= List of endangered species in Vietnam =

The following is a list of endangered species inhabiting Vietnam.

==Annam chorus frog (Microhyla annamensis)==

The Annam chorus frog is an endangered frog of the family Microhylidae, found in Cambodia, Laos, Thailand, and Vietnam.

==Banded eagle ray (Aetomylaeus nichofii)==
Banded eagle rays are widespread but vulnerable. They live in the open ocean, coral reefs, and shallow seas.

==Bengal slow loris (Nycticebus bengalensis)==
The Bengal slow loris is a nocturnal and arboreal primate that lives in both evergreen and deciduous forests. It is listed as endangered on the IUCN Red List. Threats to this species include habitat loss (largely through illegal logging) and poaching (for bushmeat, Traditional Chinese medicine, and the exotic pet trade). It is commonly sold in local animal markets.

==Black-crested gibbon (Nomascus concolor)==
The black-crested gibbon is listed as critically endangered on the IUCN Red List, with a total estimated population of 1300 to 2000 individuals remaining in the wild. Major threats to this species include habitat loss (due to deforestation for agriculture/logging) and poaching (for bushmeat and the exotic pet trade).

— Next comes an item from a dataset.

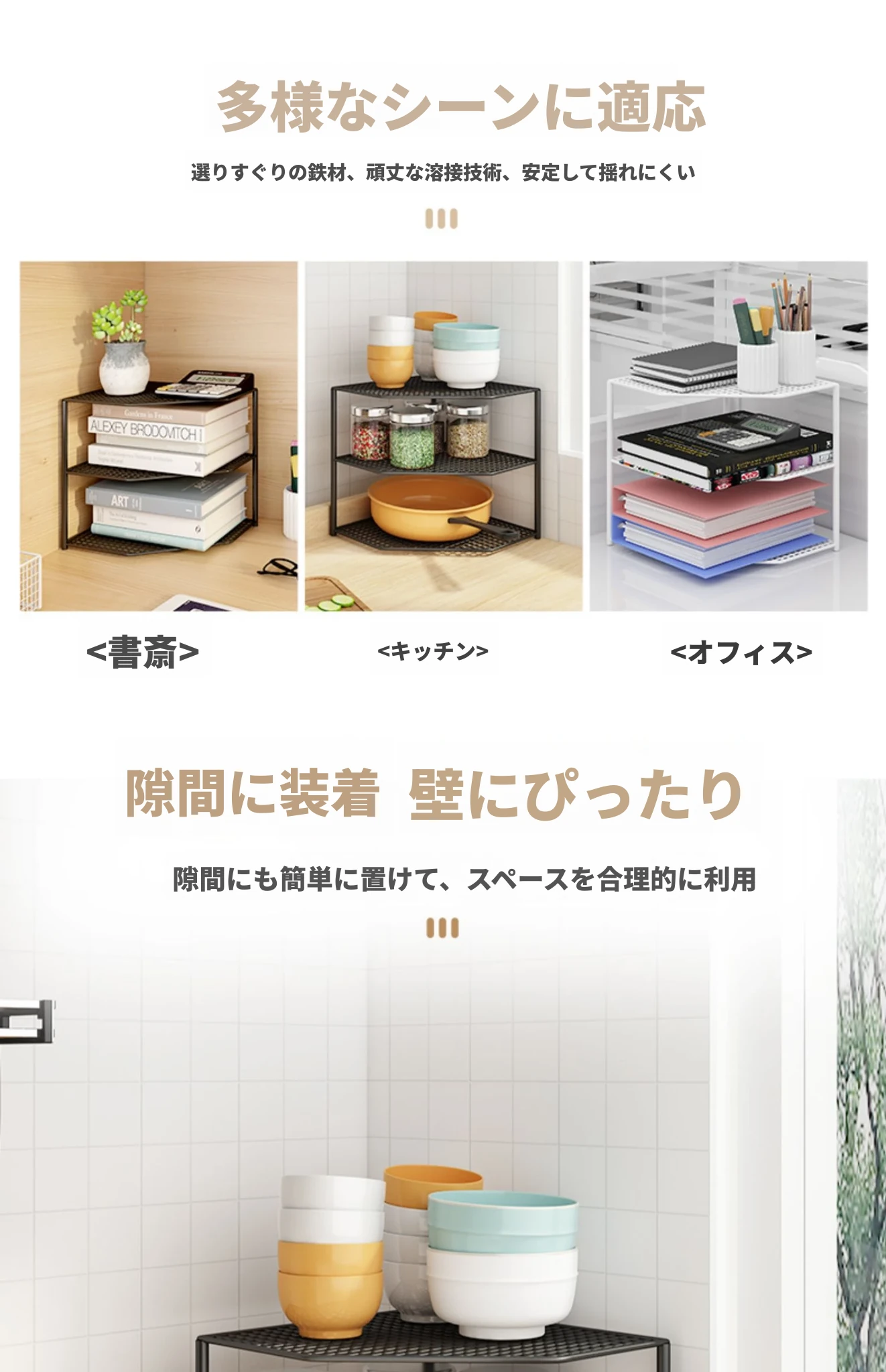 白の三段コーナーラック-ハイタイプ 白の三段コーナーラック-ハイタイプ

These factors are causing fragmentation of their territories and a decline in their population. The species is found in two protected areas of Vietnam: the Mu Cang Chai Species and Habitat Conservation Area in Yên Bái province, and the Hoàng Liên-Văn Bàn Nature Reserve in Lào Cai province. The current population in Vietnam is only 64 - 70 individuals in 22 - 25 groups. These populations have been monitored since 2001 and have declined despite conservation interventions.

==Delacour's langur (Trachypithecus delacouri)==
A type of leaf-eating langur that has an unusually long and bushy tail with white hips. It is also one of the most endangered primates in the world. Only about 300 Delacour's langurs are alive today, and experts fear they could be completely extinct if the current rate of decline continues. The monkeys are being pushed to the brink by hunting for the Chinese traditional medicine trade. Hunting has forced the animal into a few extreme strongholds, where steep limestone cliffs grant a little protection from poachers.

==Great hammerhead (Sphyrna mokarran)==
The great hammerhead shark is a shark from the family Sphyrnidae. The great hammerhead shark lives in tropical and subtropical waters worldwide. The "hammer" is used to attack whiptail rays. The great hammerhead can be found in many public aquaria. These animals need humans to keep going with conservation and stop hunting them for shark fin soup.

==Indochinese tiger (Panthera tigris corbetti)==
The Indochinese tiger is also known as the Corbett's tiger. This species of tiger used to be referred to as a Malayan tiger. The Indochinese tiger is the 2nd most common species of tiger. It is the species that lives in Vietnam.

==Red-shanked douc (Pygathrix nemaeus)==
The red-shanked douc is a species of Old World monkey native to Indochina which lives in the forests of Vietnam, southern Laos and possibly northeastern Cambodia. It is threatened by residential and commercial development.

==Saola (Pseudoryx nghetinhensis)==
The saola is one of the world's rarest large mammals, a forest-dwelling bovine native to the Annamite Range in Vietnam and Laos.

==Siamese crocodile (Crocodylus siamensis)==
Siamese crocodiles are critically endangered. These animals prefer slow-moving water such as swamps, rivers, and some lakes. Siamese crocodiles are threatened because of loss of habitat, illegal capture of wild crocodiles for supply to commercial farms, and incidental capture/drowning in fishing nets and traps.

==Tam Dao salamander (Paramesotriton deloustali)==
The Tam Dao salamander, or Vietnamese salamander, is an amphibian native to Vietnam. It is threatened by loss of habitat.

==Vietnamese leaf turtle (Geoemyda spengleri)==
The Vietnamese leaf turtle is also known as the black-breasted leaf turtle or black-breasted hill turtle. This turtle is native to Vietnam and China. This animal is currently endangered.

==Vietnamese pheasant (Lophura hatinhensis)==
The pheasant is listed endangered by the International Union for Conservation of Nature (IUCN). Vietnamese pheasants only live in central Vietnam. They are threatened because of hunting and loss of habitat.